Ulysses (1922), by James Joyce (disordered thoughts of an amateur #1,2,3)

Chapters 1 , 2 & 3: Telemachiad, Nestor, Proteus

Well, I’ve made a start…  

Ulysses is written in three parts, The Telemachiad, The Odyssey and the Nostos, and today I’ve read (twice) The Telemachiad, Chapters 1,2 & 3.  

Source: the Annotated Ulysses

Source: the Annotated Ulysses

 

 Chapters 1 & 2 are easy enough.  Although it’s not a straightforward narrative, we are introduced to Stephen Dedelus and Buck Mulligan, students who live together in the Martello Tower.  There is a witty parody of the Catholic mass, with Buck wearing white and gold vestments (his dressing gown), lifting his shaving bowl aloft like a chalice, and reciting the Introit.  
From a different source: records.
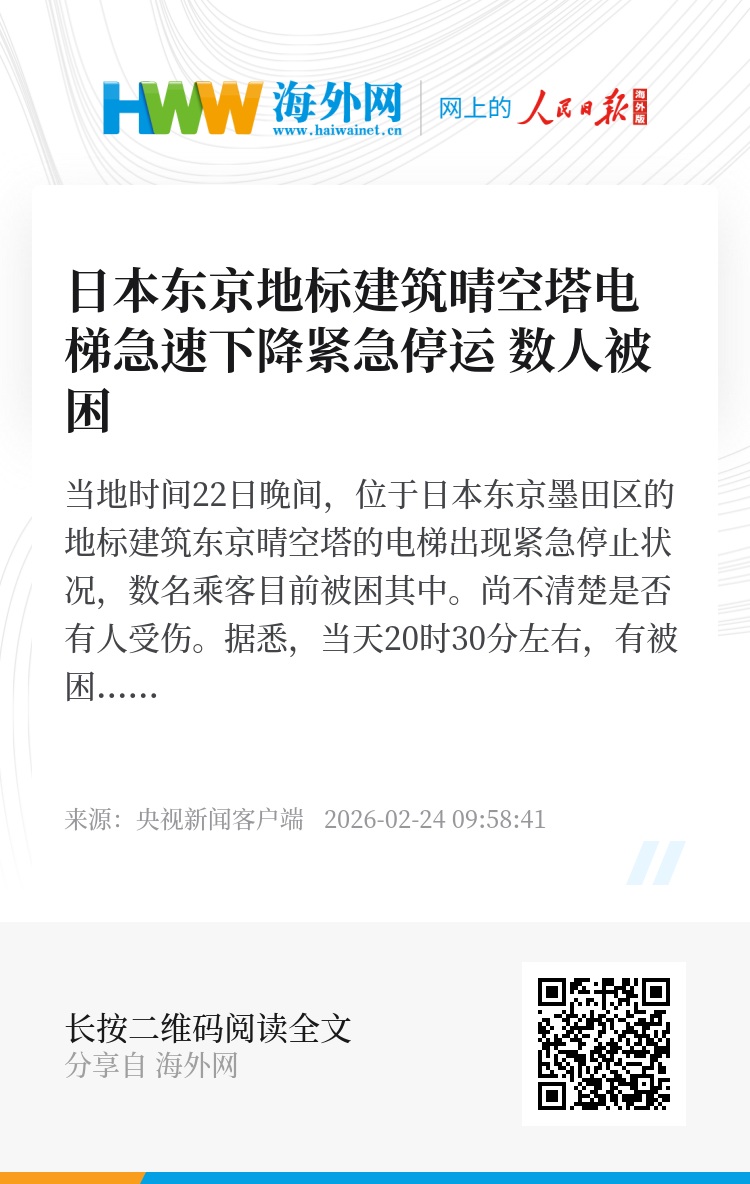 当地时间22日晚间,位于日本东京墨田区的地标建筑东京晴空塔的电梯出现紧急停止状况,数名乘客目前被困其中。尚不清楚是否有人受伤。
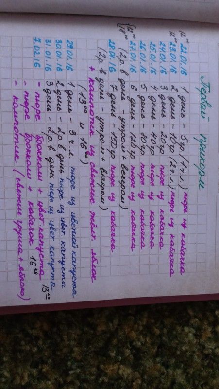Вводила кабачок, брокколи, цв.капусту самое первое, ну вот мои записи сфотала)
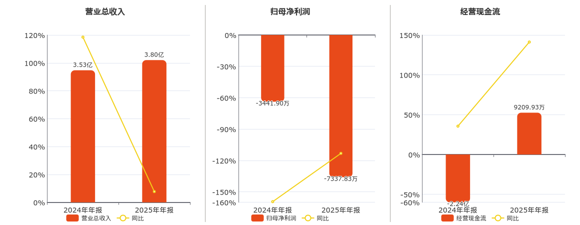 公司营业总收入为3.80亿元,在已披露的同业公司中排名第56。归母净利润为-7337.83万元,较去年同报告期归母净利润减少3895.93万元。经营活动现金净流入为9209.93万元,在已披露的同业公司中排名第34。

Stephen is morose.  His mother has just died, and Buck has offended him by referring to her as the ‘beastly dead’.  As a medical student, he is blase about death, and provokes Stephen by reminding him that he denied her last wish by refusing to pray with her on her death bed.   He’s also not much impressed at Stephen’s insistence on borrowing black clothing for his mourning, considering his behaviour towards his mother.   

All Buck’s jokes are in bad taste (not least The Ballad of Joking Jesus) and he sponges off Stephen who, although he has a position as a schoolmaster teaching history and algebra, seems to have no money.  Buck is equally crass with Haines, an English student,and he pokes fun at the Irishwoman who brings the milk for their tea.  (In one of countless ironies, Haines the Englishman speaks Gaelic to the Irishwoman but she doesn’t understand.)  

Haines and Stephen follow Buck and his friends down to the water (Dublin Bay) where Buck once again touches Stephen for money and demands the key to the tower.  Stephen goes off in a huff, calling Buck a ‘usurper’.   

Chapter 2 begins without preamble, with Stephen taking a history class in the classics.  The boys are not interested and depart with relief to play hockey.  One, Sargent, an unattractive and not very bright boy, remains behind to get some extra help from Stephen, who – still thinking of his mother – tries to imagine how Sargent’s mother must have loved him.  He then collects his pay from the antiSemitic Mr Deasy, a sort of father figure, who lectures Stephen about managing his money wisely.  There are allusions to Hamlet and Iago, which seem fairly straightforward, and (since I am supplementing reading my own ancient Penguin by reading this online through BookGlutton.com so that I can record my own annotations) I have been able to Google most things that puzzle me such as the Latin quotations from the Mass.  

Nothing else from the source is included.